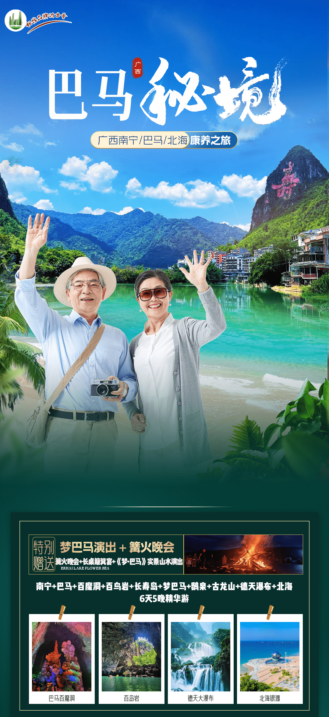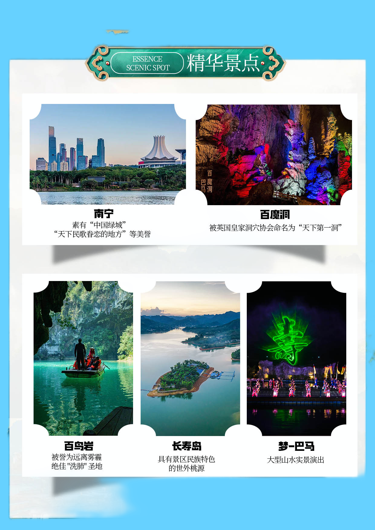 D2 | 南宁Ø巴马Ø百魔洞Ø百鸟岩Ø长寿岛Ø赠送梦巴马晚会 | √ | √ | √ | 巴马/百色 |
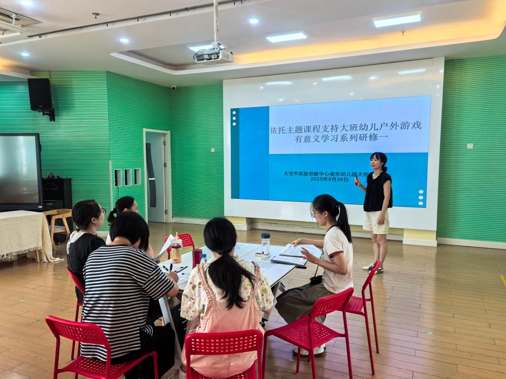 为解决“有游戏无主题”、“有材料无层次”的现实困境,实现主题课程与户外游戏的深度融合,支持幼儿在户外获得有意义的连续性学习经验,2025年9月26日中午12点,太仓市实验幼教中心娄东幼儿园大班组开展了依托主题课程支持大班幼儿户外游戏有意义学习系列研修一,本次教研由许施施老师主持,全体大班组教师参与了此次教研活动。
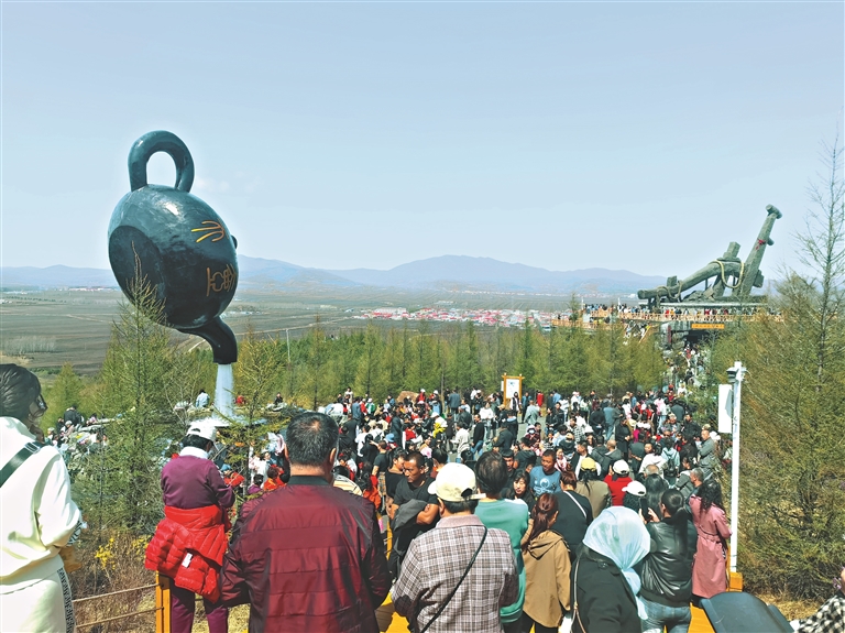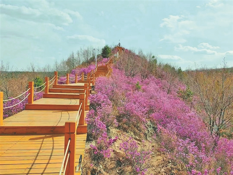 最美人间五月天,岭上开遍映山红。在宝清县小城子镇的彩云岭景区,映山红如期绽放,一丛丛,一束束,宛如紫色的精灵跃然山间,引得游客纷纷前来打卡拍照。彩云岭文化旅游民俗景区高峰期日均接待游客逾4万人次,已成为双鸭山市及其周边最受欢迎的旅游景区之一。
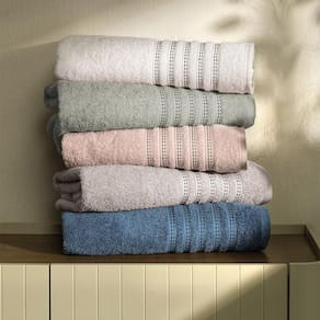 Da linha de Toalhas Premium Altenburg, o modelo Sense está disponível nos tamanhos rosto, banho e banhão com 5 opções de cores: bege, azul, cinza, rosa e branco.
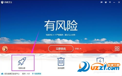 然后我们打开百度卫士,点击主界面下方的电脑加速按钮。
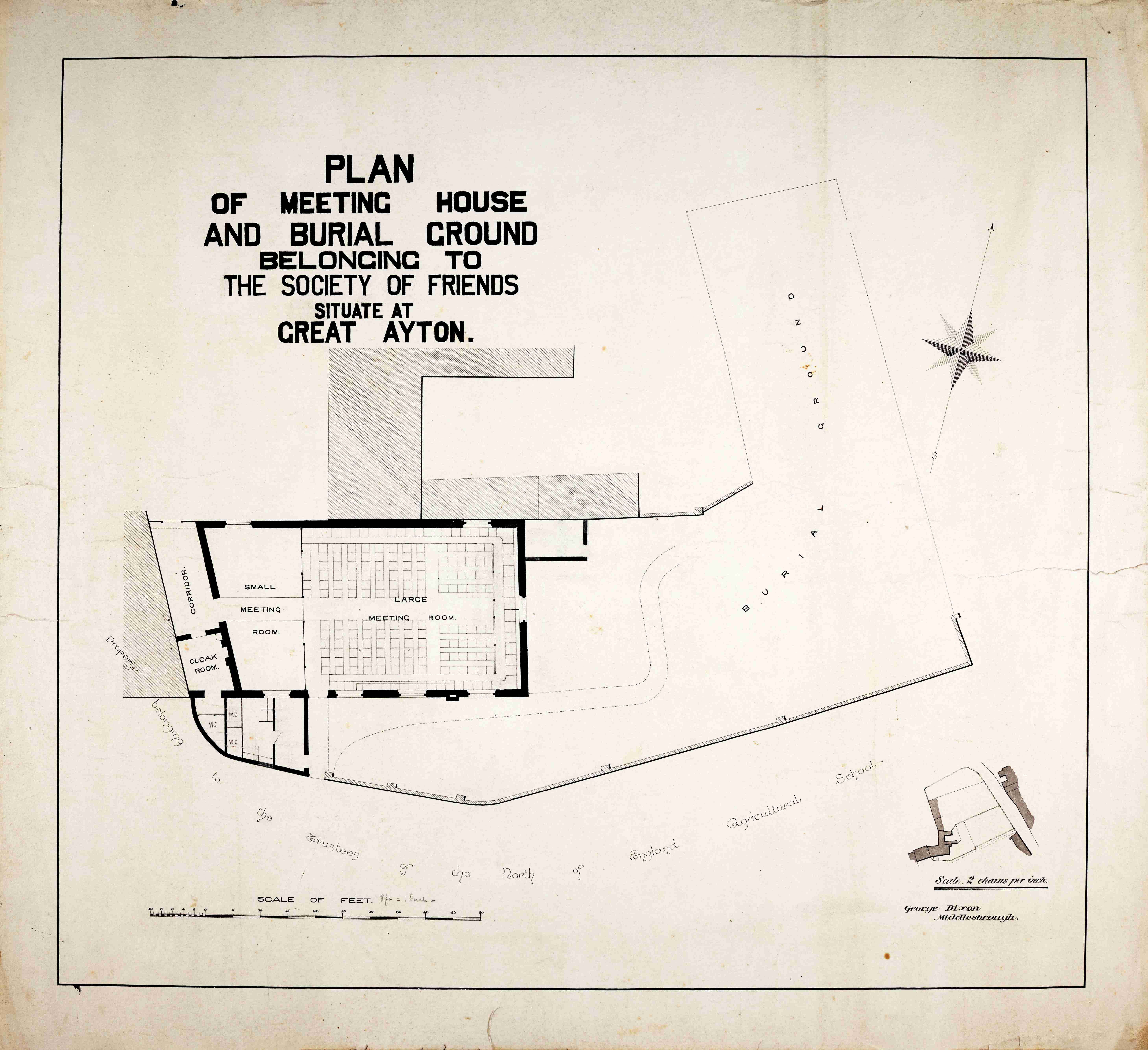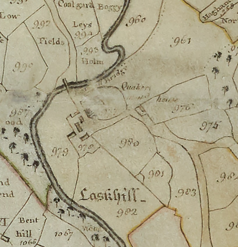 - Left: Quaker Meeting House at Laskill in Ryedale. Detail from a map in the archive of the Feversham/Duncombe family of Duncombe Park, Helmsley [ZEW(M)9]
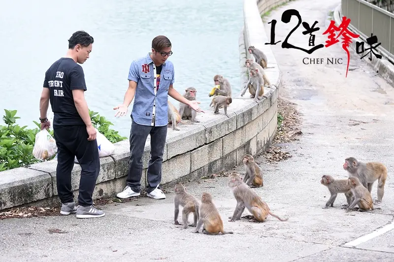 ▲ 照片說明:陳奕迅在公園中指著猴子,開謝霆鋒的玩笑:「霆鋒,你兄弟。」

^^^^^^^^^^^^^^^^

§ Brief:
The lines to be extracted begin at the line containing "然后我们打开百度卫士,点击主界面下方的电脑加速按钮。" and continue through the final line of the material above, both ends included. Reproduce them exactly, without the pictures.

§ Task result:
 然后我们打开百度卫士,点击主界面下方的电脑加速按钮。
 - Left: Quaker Meeting House at Laskill in Ryedale. Detail from a map in the archive of the Feversham/Duncombe family of Duncombe Park, Helmsley [ZEW(M)9]
 ▲ 照片說明:陳奕迅在公園中指著猴子,開謝霆鋒的玩笑:「霆鋒,你兄弟。」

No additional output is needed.